Un día Feuerstein apareció en el café y sacó de su cartera una rosa muy graciosamente envuelta. La desenvolvió y se la dio a Toyen con estas palabras:

– A la musa de Devétsil.

Las rosas no eran lo que más agradaba a Manka. Puso la hermosa flor en un vaso con agua y dejó de hacerle caso. Temía que se le olvidara en la mesa. No consideraba esa manera de galanteo como la más agradable.

Ya no me acuerdo cómo terminó aquella pequeña historia de amor. Creo que de ninguna manera. Se deshizo silenciosamente. También por el hecho de que Feuerstein, al cabo de poco tiempo, se fue al Japón, invitado por el arquitecto checo Reimann. Pero la palabra musa se quedó colgada de alguna manera en las nubéculas de humo de encima de la mesa.

Admito que una tal designación de una mujer joven y bella me complacía, aunque Teige lo comentó con una burla. Seguramente no tenía a Toyen por la más ideal para esa antigua misión, ni la palabra musa le cabía en el diccionario moderno. En cambio yo, en silencio, inauguré a Toyen en esta gloriosa función. Aunque no había bebido con las hijas de Zeus de la sagrada fuente de Hipocrene, la cual, según el profesor Entlich del instituto de Zizkov, salió bajo el golpe del casco de Pegaso, Manka era bastante bonita y amaba la poesía; entonces, ¿por qué no?

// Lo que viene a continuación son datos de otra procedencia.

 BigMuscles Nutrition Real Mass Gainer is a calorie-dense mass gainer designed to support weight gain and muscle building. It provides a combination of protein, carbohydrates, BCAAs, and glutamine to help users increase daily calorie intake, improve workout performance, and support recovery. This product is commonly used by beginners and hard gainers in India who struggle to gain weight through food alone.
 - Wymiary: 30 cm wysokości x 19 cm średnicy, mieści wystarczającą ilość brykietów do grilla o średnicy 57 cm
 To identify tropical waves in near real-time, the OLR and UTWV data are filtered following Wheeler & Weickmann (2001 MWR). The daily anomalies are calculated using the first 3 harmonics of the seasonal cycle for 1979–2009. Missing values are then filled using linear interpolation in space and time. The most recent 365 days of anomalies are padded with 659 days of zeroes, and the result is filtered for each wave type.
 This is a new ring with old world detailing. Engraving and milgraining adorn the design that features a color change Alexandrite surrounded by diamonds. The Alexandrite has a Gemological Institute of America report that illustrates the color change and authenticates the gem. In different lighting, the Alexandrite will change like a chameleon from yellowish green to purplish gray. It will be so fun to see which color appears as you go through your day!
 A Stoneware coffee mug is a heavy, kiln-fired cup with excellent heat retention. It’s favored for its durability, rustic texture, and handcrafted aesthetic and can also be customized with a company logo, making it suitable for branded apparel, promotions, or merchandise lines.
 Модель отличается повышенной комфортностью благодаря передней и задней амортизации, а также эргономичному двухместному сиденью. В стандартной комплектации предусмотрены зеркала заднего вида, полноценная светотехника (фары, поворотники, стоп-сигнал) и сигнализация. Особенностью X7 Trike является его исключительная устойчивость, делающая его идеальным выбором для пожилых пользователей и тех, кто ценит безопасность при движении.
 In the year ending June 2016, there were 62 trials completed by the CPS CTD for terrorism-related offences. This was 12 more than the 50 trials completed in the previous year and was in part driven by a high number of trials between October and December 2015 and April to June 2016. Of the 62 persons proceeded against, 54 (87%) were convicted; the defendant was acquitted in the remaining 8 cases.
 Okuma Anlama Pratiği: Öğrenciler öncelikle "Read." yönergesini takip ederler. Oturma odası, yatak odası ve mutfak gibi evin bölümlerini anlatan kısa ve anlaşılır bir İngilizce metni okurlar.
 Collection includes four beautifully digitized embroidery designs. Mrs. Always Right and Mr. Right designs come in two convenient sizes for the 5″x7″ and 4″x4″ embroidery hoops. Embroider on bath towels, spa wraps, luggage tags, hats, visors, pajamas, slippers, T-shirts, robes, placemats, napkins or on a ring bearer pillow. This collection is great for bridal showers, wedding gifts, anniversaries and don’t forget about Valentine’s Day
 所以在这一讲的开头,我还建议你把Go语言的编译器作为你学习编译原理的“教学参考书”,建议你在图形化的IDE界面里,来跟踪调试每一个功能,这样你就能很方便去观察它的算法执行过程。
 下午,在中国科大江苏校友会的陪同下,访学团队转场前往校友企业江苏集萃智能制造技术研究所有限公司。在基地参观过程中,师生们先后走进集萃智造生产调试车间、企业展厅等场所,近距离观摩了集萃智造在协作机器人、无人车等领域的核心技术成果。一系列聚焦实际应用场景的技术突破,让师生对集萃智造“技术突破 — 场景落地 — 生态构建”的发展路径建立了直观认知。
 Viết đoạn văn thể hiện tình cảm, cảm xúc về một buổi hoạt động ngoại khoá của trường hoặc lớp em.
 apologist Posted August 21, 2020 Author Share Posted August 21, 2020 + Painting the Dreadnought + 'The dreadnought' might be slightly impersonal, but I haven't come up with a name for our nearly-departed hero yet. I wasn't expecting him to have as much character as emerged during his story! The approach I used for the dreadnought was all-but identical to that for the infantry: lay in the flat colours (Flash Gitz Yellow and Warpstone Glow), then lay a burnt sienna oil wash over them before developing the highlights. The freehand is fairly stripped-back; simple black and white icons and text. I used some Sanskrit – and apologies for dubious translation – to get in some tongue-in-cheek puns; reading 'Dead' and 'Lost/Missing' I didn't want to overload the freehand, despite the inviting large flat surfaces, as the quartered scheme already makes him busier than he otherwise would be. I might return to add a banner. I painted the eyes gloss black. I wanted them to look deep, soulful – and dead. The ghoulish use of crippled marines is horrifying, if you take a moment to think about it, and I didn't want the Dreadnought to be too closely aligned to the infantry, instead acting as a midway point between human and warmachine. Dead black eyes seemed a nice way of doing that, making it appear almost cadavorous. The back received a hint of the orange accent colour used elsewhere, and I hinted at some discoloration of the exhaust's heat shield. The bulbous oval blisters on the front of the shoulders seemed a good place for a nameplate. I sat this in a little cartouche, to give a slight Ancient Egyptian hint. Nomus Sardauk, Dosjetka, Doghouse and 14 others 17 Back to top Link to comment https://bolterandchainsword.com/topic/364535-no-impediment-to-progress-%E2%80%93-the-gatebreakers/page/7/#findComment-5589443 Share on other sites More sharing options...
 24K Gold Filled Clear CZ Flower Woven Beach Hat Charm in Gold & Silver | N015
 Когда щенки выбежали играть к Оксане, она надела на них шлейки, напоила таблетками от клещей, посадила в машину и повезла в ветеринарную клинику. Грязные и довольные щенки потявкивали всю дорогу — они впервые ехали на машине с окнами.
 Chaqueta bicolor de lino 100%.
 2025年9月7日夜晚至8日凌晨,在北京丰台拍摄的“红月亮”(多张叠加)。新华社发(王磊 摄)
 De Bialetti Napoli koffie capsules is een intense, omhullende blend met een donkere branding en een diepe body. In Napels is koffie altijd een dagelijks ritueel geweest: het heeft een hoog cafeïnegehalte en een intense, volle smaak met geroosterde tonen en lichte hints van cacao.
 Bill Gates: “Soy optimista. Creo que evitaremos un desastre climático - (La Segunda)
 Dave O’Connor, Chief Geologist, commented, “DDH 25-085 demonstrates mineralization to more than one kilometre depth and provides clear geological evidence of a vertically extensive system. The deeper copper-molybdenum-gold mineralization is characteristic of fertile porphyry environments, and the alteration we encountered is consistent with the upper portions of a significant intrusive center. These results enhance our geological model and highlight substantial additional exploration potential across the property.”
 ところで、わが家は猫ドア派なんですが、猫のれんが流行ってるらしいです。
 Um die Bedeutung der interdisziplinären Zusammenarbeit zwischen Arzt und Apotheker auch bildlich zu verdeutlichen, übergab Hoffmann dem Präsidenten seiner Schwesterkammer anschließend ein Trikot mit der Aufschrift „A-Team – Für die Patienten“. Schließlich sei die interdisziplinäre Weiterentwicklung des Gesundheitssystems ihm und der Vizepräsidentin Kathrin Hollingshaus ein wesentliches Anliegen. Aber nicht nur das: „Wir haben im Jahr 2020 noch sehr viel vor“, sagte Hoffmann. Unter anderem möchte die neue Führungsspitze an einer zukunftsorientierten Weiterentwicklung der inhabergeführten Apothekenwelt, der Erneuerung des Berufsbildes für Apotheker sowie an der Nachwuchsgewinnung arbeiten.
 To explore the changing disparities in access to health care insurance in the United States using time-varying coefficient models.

El destino de Feuerstein fue trágico. Una grave enfermedad nerviosa le condujo hasta el puente Trojsky y allí terminó su vida con un salto al agua. Como hombre y como artista era inapreciable. Nezval compuso un bello poema sobre él. Pero creo que se merecía uno aún más hermoso.

Con su presencia, Toyen incrementaba una agradable atmósfera creadora. Participaba en todas las conversaciones y polémicas y tenía una firme fe artística. Gustaba a muchos. Es que también creaba atmósfera con su atractivo de chica. Escribí unos poemas sobre ella. Publiqué algunos y Toyen me sugirió que tradujera el ciclo de sonetos lesbianos de Verlaine. Tres de ellos publicó Styrsky en su Revista Erótica.

Poco después de acabar la guerra -Styrsky ya no existía-, Toyen se marchó a Francia.

Desapareció en París como en una ventisca de nieve. ¿Pero nieva en Francia tan espesamente como aquí? No lo sé. El caso es que desapareció en la inundación de luces en los bulevares. O se perdió en el brillo de los diamantes exhibidos en la Rué de la Paix. Se convirtió en francesa y hay poca probabilidad de que algún día atraviese de nuevo el puente Carlos.

Ahora ya no me levanto tan temprano. Pocas veces los versos me arrancan de las sábanas. Me gusta dormir aunque el cielo esté todo rosado. Una persona de edad a punto de llorar en cada emoción. Y con frecuencia me duermo aunque truene. Los ancianos duermen para irse acostumbrando: cuando se duerman para siempre, dormirán una eternidad tras otra. Ya han muerto Teige y Nezval. También Styrsky, Feuerstein, Wachsman y Muzika. Han desaparecido Josef Havlícek y Honzík, y los poetas Halas, Biebl, Hofejsí, Vancura y Hora. Han muerto muchos de aquellos con los que vivíamos y con los que experimentábamos nuestras alegrías.